Durante la conference call sui risultati finanziari del primo trimestre 2026, il colosso sudcoreano ha confermato lo sviluppo di Exynos 2700, il chip che erediterà il testimone dell’attuale serie 2600. Le indiscrezioni diventano così una tabella di marcia definita. L’analista Bryan Man ha confermato su X che i lavori procedono senza intoppi, con un risultato positivo per la divisione semiconduttori del gruppo. L’aspetto interessante di questa notizia è processo produttivo scelto per questo hardware. Samsung utilizzerà il suo nuovo nodo GAA a 2 nm di seconda generazione, una scelta che nelle intenzioni dei tecnici dovrebbe garantire un salto in termini di gestione energetica e potenza bruta. L’azienda ha parlato di un incremento delle capacità di calcolo dedicate all’intelligenza artificiale e dichiaranto che “Exynos 2700 è in fase di sviluppo come previsto, basandosi sulla competitività tecnologica di punta del suo predecessore 2600. Prevediamo di poter ampliare ulteriormente la nostra quota di mercato offrendo prestazioni AI migliorate”.

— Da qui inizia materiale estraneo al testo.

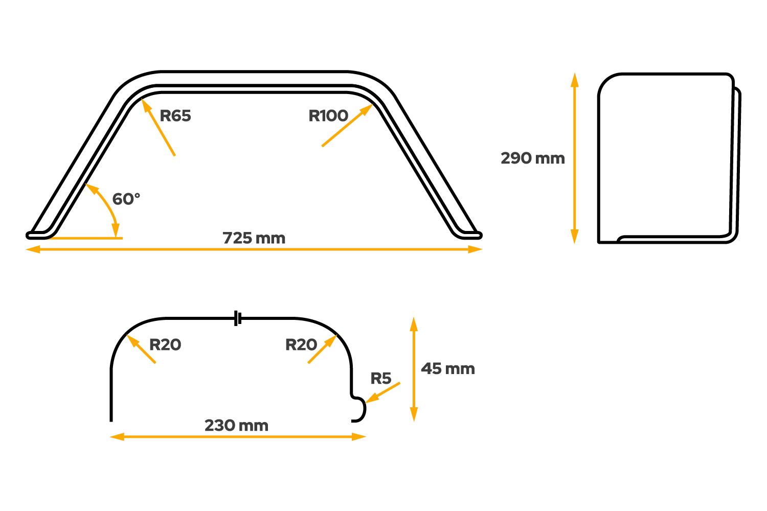 Blatník přívěsu 13" podběh kola CHORUS 725/230 mm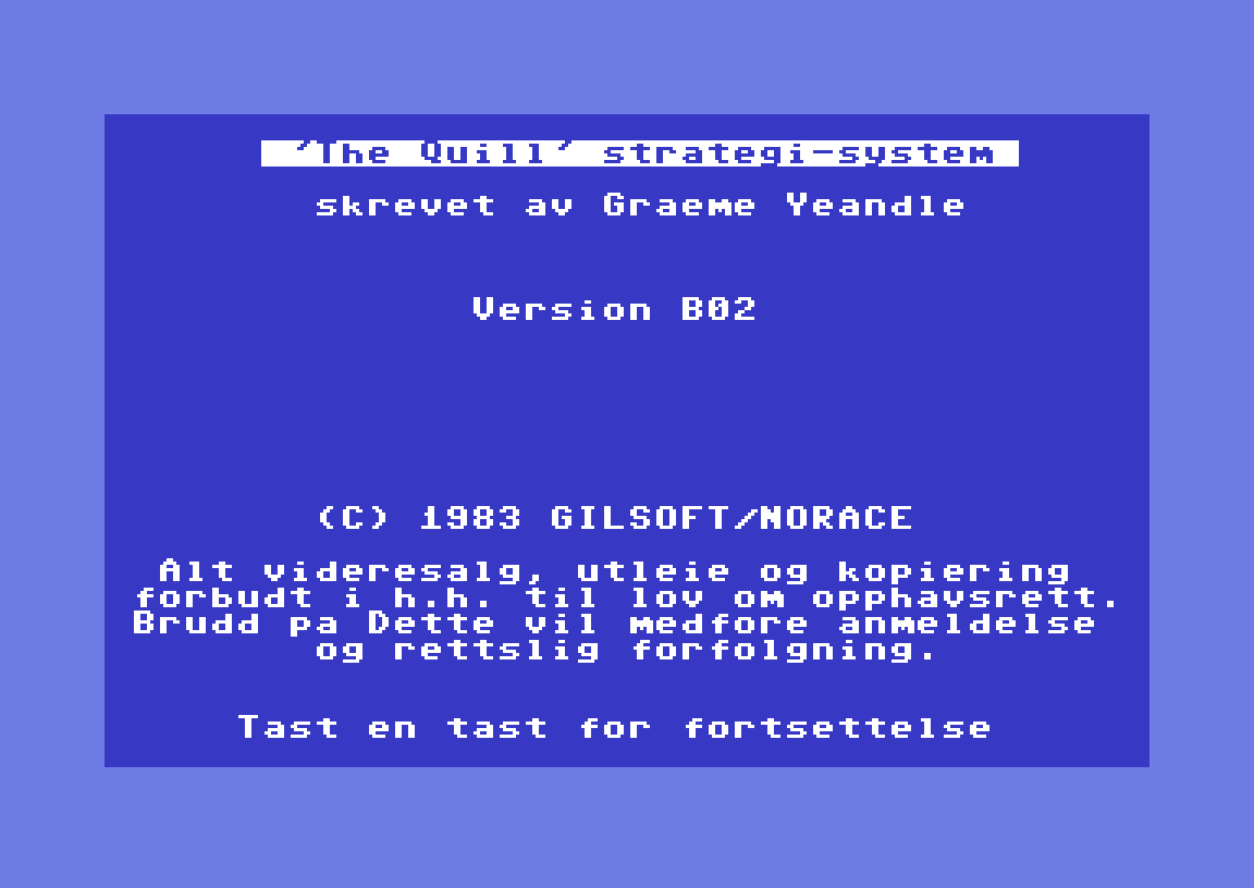 Ta gjerne kontakt om du har en kopi av Jungel Jakt, eller noen andre norske spill som ble laget ved hjelp av The Quill. Gnom (eller Gnomen Gimre) og to ZX Spectrum-spill (inkludert Prinsessa i berget det blå, som jeg faktisk «anmeldte» for BAF’s Guide i 2001) er så langt de eneste som er tilgjengelig på nettet. Ta også kontakt om du har mer kjennskap til Norace Computing.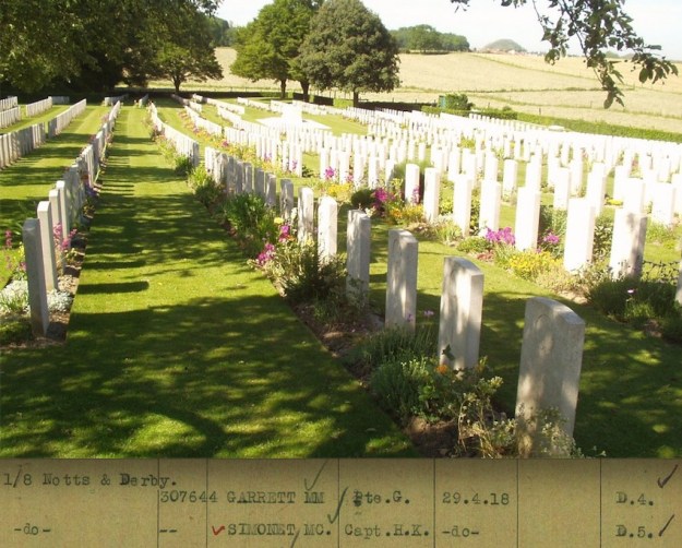 He had moved his Company Headquarters from an unprotected hellhole to a cottage at Les Facons, in the outpost line itself, only to get a direct hit on it almost immediately which resulted in Simonet and his runner Pte Garratt, one of the most reliable and gallant men in the Battalion, being badly wounded. Neither recovered, and they were buried near each other in the Cemetery at Lapugnoy”

L’architettura interna non subirà stravolgimenti sul fronte della proprietà intellettuale, poiché Samsung continuerà ad affidarsi ai design di ARM per quanto riguarda CPU e GPU. Tuttavia, i primi dati emersi dai benchmark suggeriscono l’integrazione di un cluster CPU a 10 core con una configurazione inedita, pensata per rendere Exynos 2700 una versione più rifinita e matura rispetto ai tentativi precedenti. Resta però un’incognita non trascurabile legata ai consumi. I test condotti su Exynos 2600 hanno evidenziato picchi di assorbimento preoccupanti, capaci di toccare i 30W sotto stress, valori che solitamente appartengono a processori per notebook e che portano inevitabilmente a fenomeni di thermal throttling negli smartphone. Il successo di questo nuovo componente sarà legato alla capacità di Samsung di ottimizzare le frequenze di lavoro prima del lancio della serie Galaxy S27. La sfida è aperta, soprattutto perché la concorrenza non resta a guardare. Qualcomm è già pronta a schierare la prima generazione di chip a 2 nm, con lo Snapdragon 8 Elite Gen 6 e la sua variante Pro che promettono di alzare l’asticella della competizione.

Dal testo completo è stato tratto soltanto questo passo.